__EXERCISE DETAILS__. Begin at the line below that has "Vente Unique Porte". Stop after the line that has "ўжо пяты папрацірае.", repeating each line exactly and leaving out the pictures.

__DATA FOR THIS TASK__.

▬▬▬▬▬▬

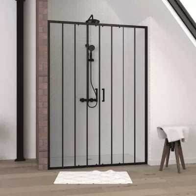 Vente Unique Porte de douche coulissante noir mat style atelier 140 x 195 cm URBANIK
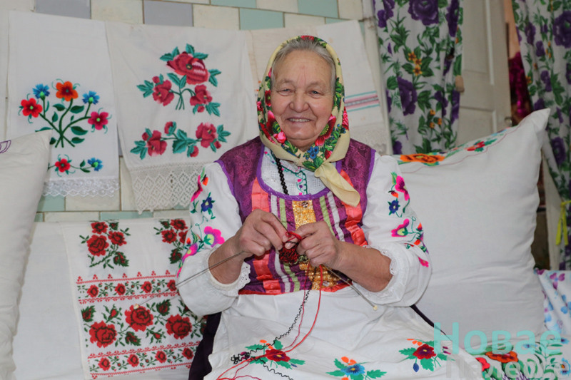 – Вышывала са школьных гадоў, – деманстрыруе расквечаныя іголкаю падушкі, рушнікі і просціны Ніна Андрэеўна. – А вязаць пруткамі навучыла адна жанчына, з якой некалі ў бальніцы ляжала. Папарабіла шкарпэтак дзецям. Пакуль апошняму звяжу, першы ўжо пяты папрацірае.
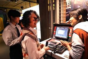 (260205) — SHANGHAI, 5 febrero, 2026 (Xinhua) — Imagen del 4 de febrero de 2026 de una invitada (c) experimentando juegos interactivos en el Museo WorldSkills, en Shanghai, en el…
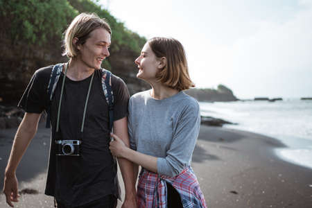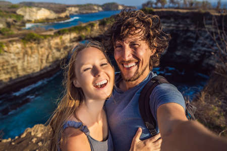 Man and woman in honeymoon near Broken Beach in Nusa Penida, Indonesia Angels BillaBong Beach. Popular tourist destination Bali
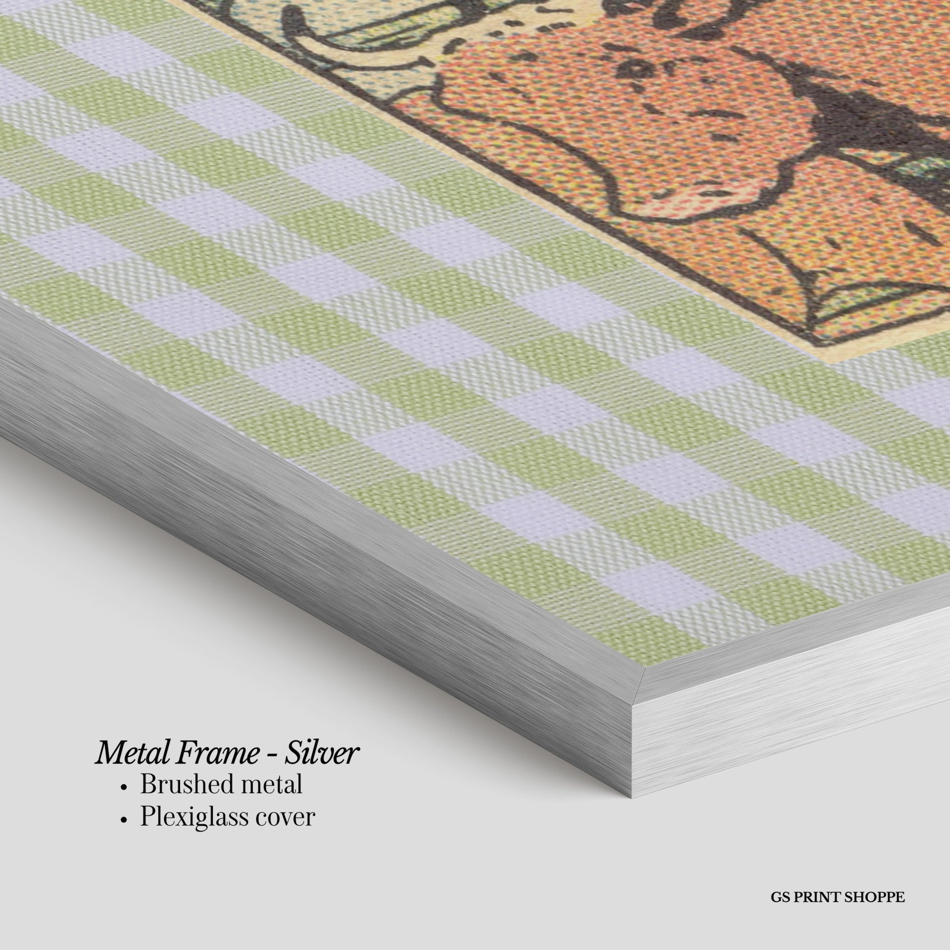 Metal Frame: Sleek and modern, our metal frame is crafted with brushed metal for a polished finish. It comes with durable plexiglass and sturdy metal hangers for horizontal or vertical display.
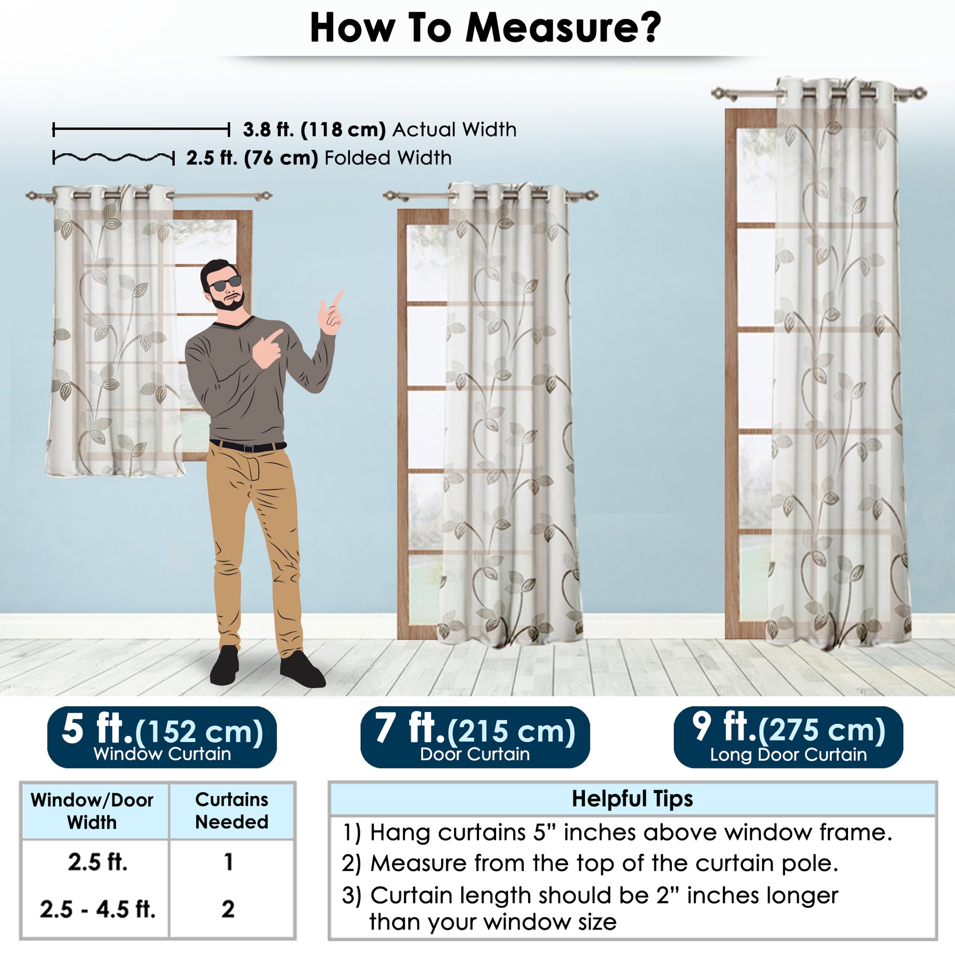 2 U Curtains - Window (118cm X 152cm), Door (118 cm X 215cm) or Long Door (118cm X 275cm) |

▬▬▬▬▬▬

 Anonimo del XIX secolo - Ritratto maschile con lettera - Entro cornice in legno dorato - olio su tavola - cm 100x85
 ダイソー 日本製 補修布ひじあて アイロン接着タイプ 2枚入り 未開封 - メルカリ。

▬▬▬▬▬▬

__WRITTEN SOLUTION__.
 Vente Unique Porte de douche coulissante noir mat style atelier 140 x 195 cm URBANIK
 – Вышывала са школьных гадоў, – деманстрыруе расквечаныя іголкаю падушкі, рушнікі і просціны Ніна Андрэеўна. – А вязаць пруткамі навучыла адна жанчына, з якой некалі ў бальніцы ляжала. Папарабіла шкарпэтак дзецям. Пакуль апошняму звяжу, першы ўжо пяты папрацірае.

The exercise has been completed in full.